[REQUIRED ACTION] Among the entries below, find the line with "监测野火的无序蔓延是一件很困" and the line with "BANK OF CANADA.". Return exactly those lines and every line between them, but no pictures.

[RECORDS FOR PROCESSING]
┏━━

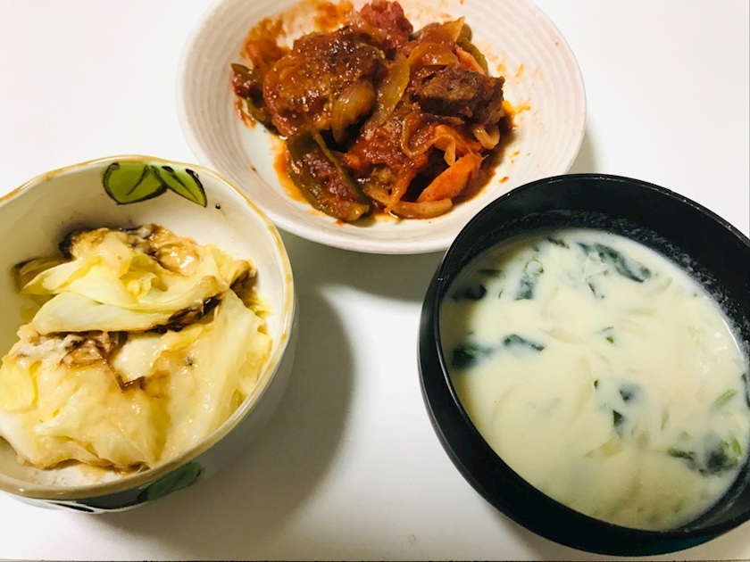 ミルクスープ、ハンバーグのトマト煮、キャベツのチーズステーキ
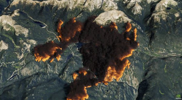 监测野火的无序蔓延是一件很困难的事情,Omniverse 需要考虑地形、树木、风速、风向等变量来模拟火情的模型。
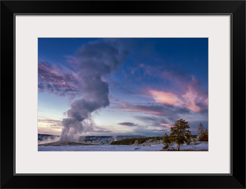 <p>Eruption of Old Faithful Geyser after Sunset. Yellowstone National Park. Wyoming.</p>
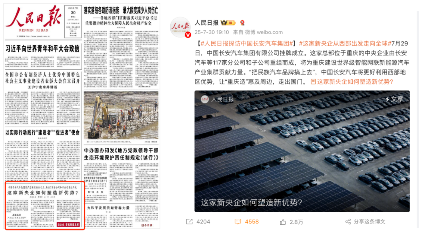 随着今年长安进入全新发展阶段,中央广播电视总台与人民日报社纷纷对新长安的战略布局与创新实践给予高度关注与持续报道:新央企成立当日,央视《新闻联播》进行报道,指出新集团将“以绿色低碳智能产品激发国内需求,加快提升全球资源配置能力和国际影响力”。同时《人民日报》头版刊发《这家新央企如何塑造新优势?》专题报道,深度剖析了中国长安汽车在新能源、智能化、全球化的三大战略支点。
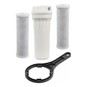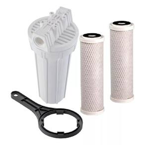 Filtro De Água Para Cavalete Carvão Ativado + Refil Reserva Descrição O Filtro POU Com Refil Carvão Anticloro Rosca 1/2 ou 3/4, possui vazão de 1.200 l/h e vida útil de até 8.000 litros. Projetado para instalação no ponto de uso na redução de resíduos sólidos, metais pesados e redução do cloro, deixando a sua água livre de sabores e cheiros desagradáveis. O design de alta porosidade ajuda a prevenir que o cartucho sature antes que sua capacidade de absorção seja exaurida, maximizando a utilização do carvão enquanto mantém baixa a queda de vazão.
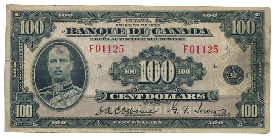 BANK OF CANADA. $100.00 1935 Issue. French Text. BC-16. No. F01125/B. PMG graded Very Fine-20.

┗━━
┏━━

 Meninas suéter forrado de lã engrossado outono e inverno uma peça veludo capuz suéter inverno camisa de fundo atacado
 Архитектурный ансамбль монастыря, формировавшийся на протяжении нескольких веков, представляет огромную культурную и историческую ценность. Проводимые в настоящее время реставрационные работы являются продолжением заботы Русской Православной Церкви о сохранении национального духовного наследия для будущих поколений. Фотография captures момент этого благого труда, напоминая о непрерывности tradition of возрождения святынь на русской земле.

┗━━

[RESULT FOR THIS EXERCISE]
 监测野火的无序蔓延是一件很困难的事情,Omniverse 需要考虑地形、树木、风速、风向等变量来模拟火情的模型。
 <p>Eruption of Old Faithful Geyser after Sunset. Yellowstone National Park. Wyoming.</p>
 随着今年长安进入全新发展阶段,中央广播电视总台与人民日报社纷纷对新长安的战略布局与创新实践给予高度关注与持续报道:新央企成立当日,央视《新闻联播》进行报道,指出新集团将“以绿色低碳智能产品激发国内需求,加快提升全球资源配置能力和国际影响力”。同时《人民日报》头版刊发《这家新央企如何塑造新优势?》专题报道,深度剖析了中国长安汽车在新能源、智能化、全球化的三大战略支点。
 Filtro De Água Para Cavalete Carvão Ativado + Refil Reserva Descrição O Filtro POU Com Refil Carvão Anticloro Rosca 1/2 ou 3/4, possui vazão de 1.200 l/h e vida útil de até 8.000 litros. Projetado para instalação no ponto de uso na redução de resíduos sólidos, metais pesados e redução do cloro, deixando a sua água livre de sabores e cheiros desagradáveis. O design de alta porosidade ajuda a prevenir que o cartucho sature antes que sua capacidade de absorção seja exaurida, maximizando a utilização do carvão enquanto mantém baixa a queda de vazão.
 BANK OF CANADA. $100.00 1935 Issue. French Text. BC-16. No. F01125/B. PMG graded Very Fine-20.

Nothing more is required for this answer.